Was gibt’s an einem Stück roter Wand zu interpretieren? Und zu assoziieren? Rot. Blut. Wein. Wintermantel. Das fällt mir spontan ein, egal, ob mit oder ohne Titel. Der Professor sagt: „Van den Rhein favorisiert durch diffuse Verteilung der Farbe irritierende Spiegelungen…“ Da spiegelt sich nichts. Wie denn auch, die Farbe ist matt. „Er verzichtet hier bewusst auf figurative Darstellung und lässt Farbigkeit, Struktur und Fläche autonom wirken.“ Also rot ist rot und außer rot sehe ich gar nichts. Der Professor sagt: „Rot ist nicht gleich rot, oh nein!“ Nicht? „...rot lebt hier in Variationen, die das menschliche Auge zunächst kaum wahrnimmt …“ Das ist ja oberschlau! Der sagt, da ist was zu sehen, das kannst du nicht sehen. So was kennt man doch schon. Des Kaisers neue Kleider.

„… aber dann provoziert die Wärme die Farbigkeit der Emotionen…“ Ich sehe gleich rot, wenn ich mir weiter solchen Kokolores anhören muss. Das Bild ist ein Witz. Man kann es auch falsch rum aufhängen, kein Mensch würde das merken.

Wie viel kostet so ein Schinken? „Tamara, gib mir bitte mal den Katalog.“

Das ist es: dreihundert mal dreihundert Zentimeter, Acryl auf Leinwand, rotes Bild, eins bis vierundzwanzig. Der hat vierundzwanzig Mal immer dasselbe Bild gemalt? Und jedes Bild kostet zehntausend Euro? Das gibt’s doch nicht.

Ob ich auch malen soll? Kann ja nicht so schwer sein. Rot kann ich auch.

Der Professor sagt: „Van den Rhein inszeniert seine Farben pathetisch, sie korrespondieren in ihrer Formulierung und irritieren unsere Sehgewohnheiten…“ Da hat er Recht. Wenn ich lange hingucke, tun mir die Augen weh.
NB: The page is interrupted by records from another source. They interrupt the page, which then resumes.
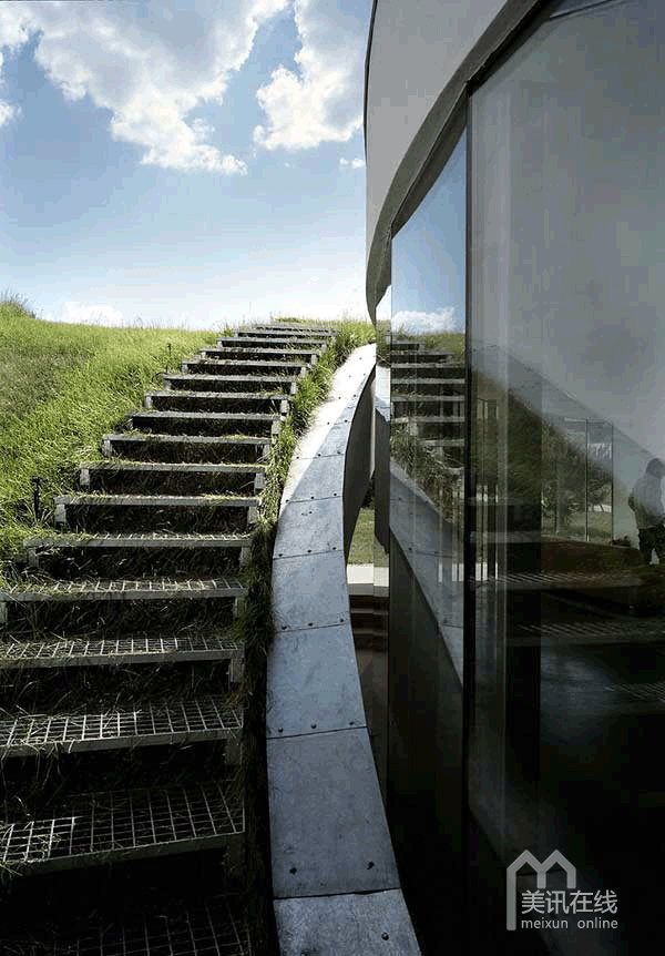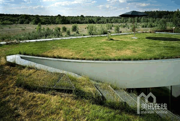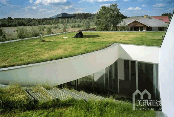 OUTrial别墅周围绿色环抱、景色宜人,独特的绿色住宅设计使得这座面积为180㎡的建筑与周围的景观天衣无缝地融合在一起,浑然天成。为了使别墅的建造对周围环境的冲击降到最小,来自KWK Promes建筑事务所的波兰建筑师“提升”了这片绿色场地中的一部分,使其成为住宅的屋顶,从而将住宅的顶部和美丽的自然景观完美地结合在一起。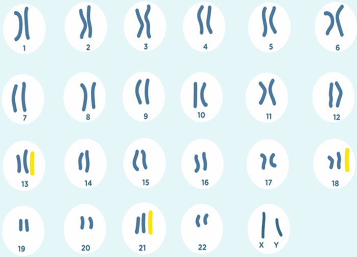 Den vanligste av disse er trisomi 21, også kjent som Down syndrom. Trisomi 13 og trisomi 18 er sjeldnere enn trisomi 21.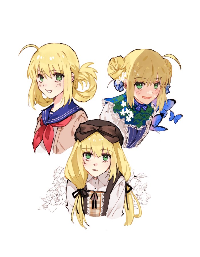 1girl ahoge appleale19 artoria_caster_(fate) artoria_pendragon_(fate) beret black_ribbon blonde_hair blue_ribbon bow braid brown_bow brown_headwear brown_sweater collared_shirt dress fate/grand_order fate_(series) flower green_eyes hair_between_eyes hair_ribbon hat looking_at_viewer multicolored_dress necktie open_mouth ribbon shirt smile sweater twintails white_background white_dress white_flower white_shirt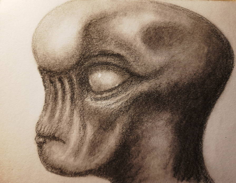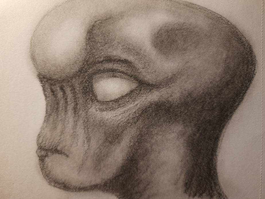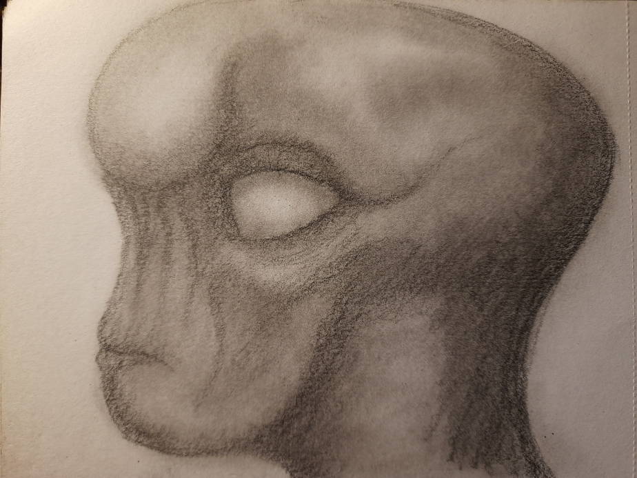 The process for this started with laying down a rough shape with a cotton ball and black pastel chalk, I then use a cotton bud to refine the shapes before using Staedtler Mars black pencils. (4B,8B)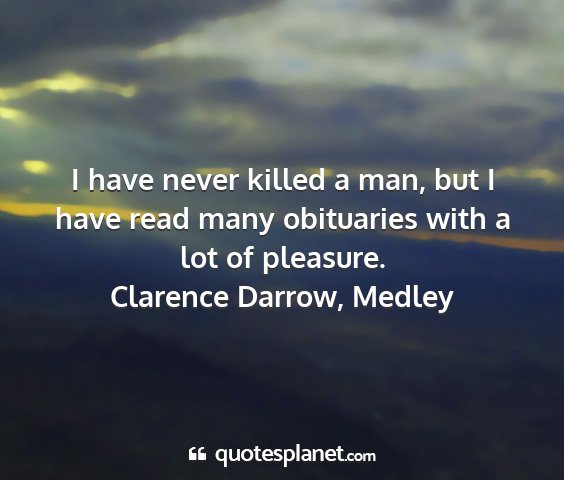 I have never killed a man, but I have read many obituaries with a lot of pleasure.Clarence Darrow, Medley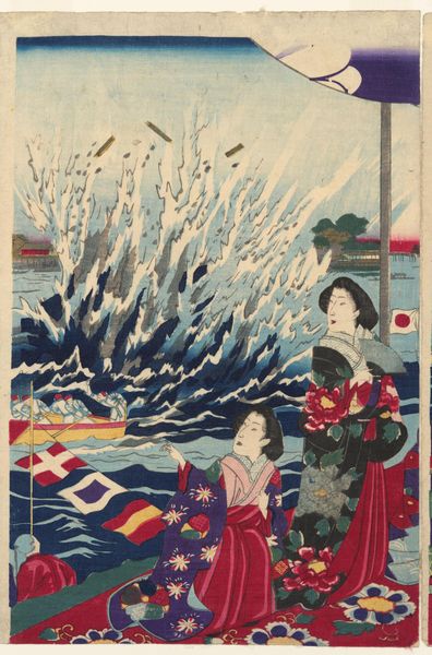Editor: So, this is a woodblock print called "Port Festival Scene" by Yoshu Chikanobu. It's brimming with boats and flags—utterly joyous! What catches your eye when you look at this? Curator: It’s a burst of Meiji-era enthusiasm! All those flags… a real assertion of national pride, wouldn't you say? And the octopus! A whimsical touch that hints at prosperity and good fortune bobbing along with the festivities. Editor: Good fortune, I like that reading! It's almost as if the artist wanted to capture a specific feeling of optimism. Curator: Precisely! It makes me wonder, what kind of future were they imagining then? Makes you think, doesn't it?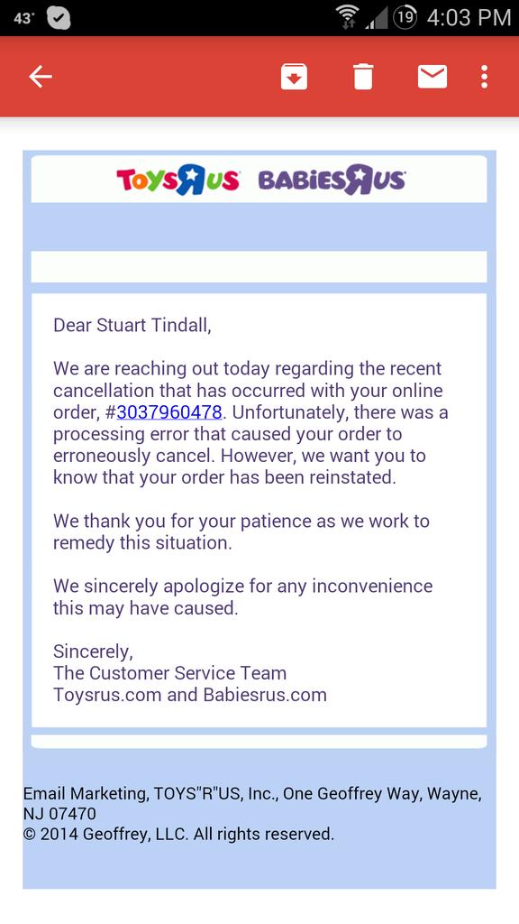 So what’s the difference? Toys “R” Us has explained that those who paid with PayPal or gift cards couldn’t have their orders return automatically. Still, the retailer will soon send out instructions about how they can reorder their item.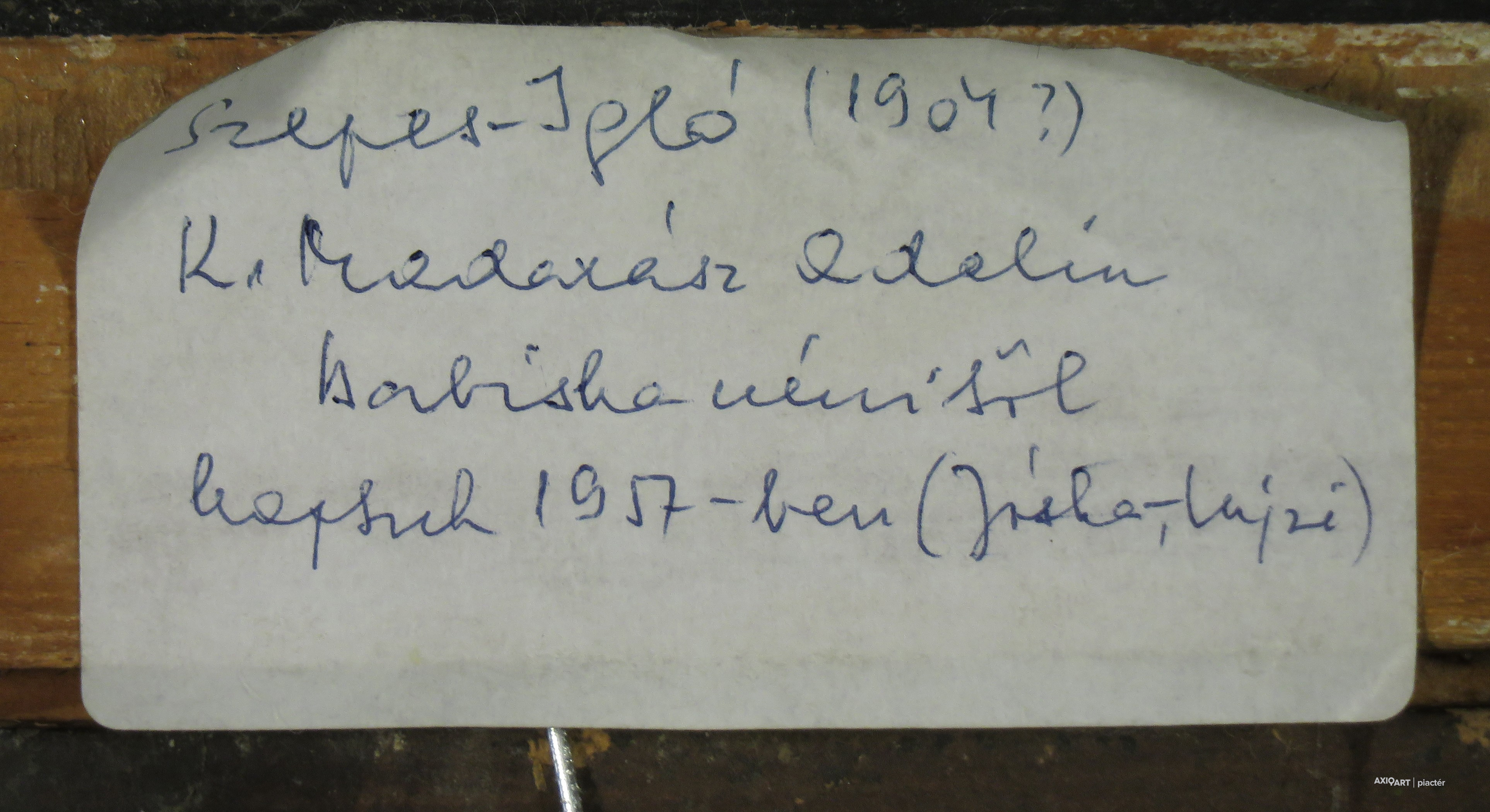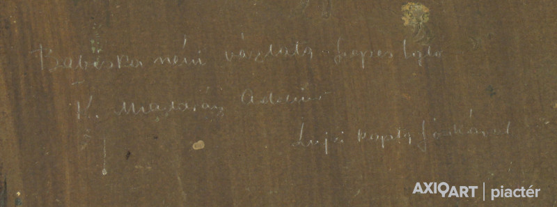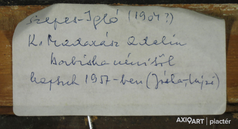[FKB730/Bp305/172] A kép mérete: 20 x 27 cm keret nélkül. Készült: Olaj, Karton A kép Madarász Adeline, Katona Béláné (Pest, 1871, Budapest, 1962) alkotása. Jelezve jobbra lent "K. Madarász Adelin" A festmény jó állapotban van. Keret: Ép Hátoldalon autográf írással: Babiska néni vázlata Szepes-Igló - K. Madarász Adelin - Lujzi kapta Jóskával Magyar festők és grafikusok életrajzi lexikona I-II. Madarász Viktor leánya. A Mintarajziskolában tanult, majd hosszabb ideig Párizsban élt, ahol a Julian Akadémián dolgozott. A Műcsarnokban és a Nemzeti Szalonban gyakran szerepelt táj-, élet- és csendéletképeivel. Művészi hagyatékát a rákospalotai múzeumnak adományozta. "Federoff anarchista" című festményét a Magyar Nemzeti Galéria őrzi. (ML, Éber) Magyar festők és grafikusok életrajzi lexikona I-II. Műgyűjtők és kereskedők kézikönyve Madarász Viktor leánya. A Mintarajziskolában tanult, majd hosszabb ideig Párizsban élt, ahol a Julian Akadémián dolgozott. A Műcsarnokban és a Nemzeti Szalonban gyakran szerepelt táj-, élet- és csendéletképeivel. Művészi hagyatékát a rákospalotai múzeumnak adományozta. "Federoff anarchista" c. olajfestményét a MNG őrzi. (ML, Éber) Magyar festők és grafikusok adattára Madarász Viktor leánya. Fiatal korában részt vett a szocialista nőmozgalomban. A Mintarajziskolában tanult, majd hosszabb ideig Párizsban élt, ahol a Julian Akadémián dolgozott. A Műcsarnokban és a Nemzeti Szalonban gyakran szerepelt táj-, csöndélet- és életképeivel. Művészi hagyatékát a rákospalotai múzeumnak adományozta. - ML Művészeti lexikon I-IV. Festő, Madarász Viktor leánya. Fiatal korában részt vett a szocialista nőmozgalomban. A Mintarajziskolában tanult, majd hosszabb ideig Párizsban élt, ahol a Julian Akadémián dolgozott. A Műcsarnokban és a Nemzeti Szalonban gyakran szerepelt táj-, csendélet- és életképeivel. Művészi hagyatékát a rákospalotai múzeumnak adományozta.

Der Professor sagt: „Van den Rheins Rot ist eine Art dramatischer Befindlichkeit, ist Liebesrausch, ist Blutrünstigkeit, ist Warnung und Mahnung, in der das Banale, das Triviale seine Balance im undefinierten Raum artikuliert.“ Das hab ich jetzt nicht verstanden. Der mit dem Kaiser-Wilhelm-Bart neben mir hat einen Lachkrampf. Weiß der auch nicht, was der Professor gemeint hat? Oder hab ich einen Witz nicht verstanden? Die anderen lachen auch? Was habe ich denn verpasst?

Jetzt klatschen alle, die Einführung in das Werk ist, Gott sei Dank, zu Ende. Was soll das denn?

Jetzt geht der Kaiser-Wilhelm-Bart ans Rednerpult? Was sagt er da? „Ich habe noch niemals ein Bild interpretiert, schon gar nicht meine eigenen.“

Das gibt’s doch gar nicht! Ich hab die ganze Zeit neben dem Künstler gesessen. Klar, dass er bei dem Gesülze einen Lachkrampf kriegte. Wenn er seine eigenen Bilder nie interpretiert.

Ob er eins verkauft? Wer kann sich so einen Riesenschinken in rot in die Wohnung hängen? Ich werde mir den Katalog mit nach Hause nehmen. Und vorher frag ich Herrn Bodo Maximus van den Rhein, ob er mir ein Autogramm vorne draufschreibt. Vielleicht schreibt er ja „für Maria“. Immerhin haben wir schon mal zusammen gelacht. Der Katalog passt farblich sehr gut auf das kleine Tischchen im Flur.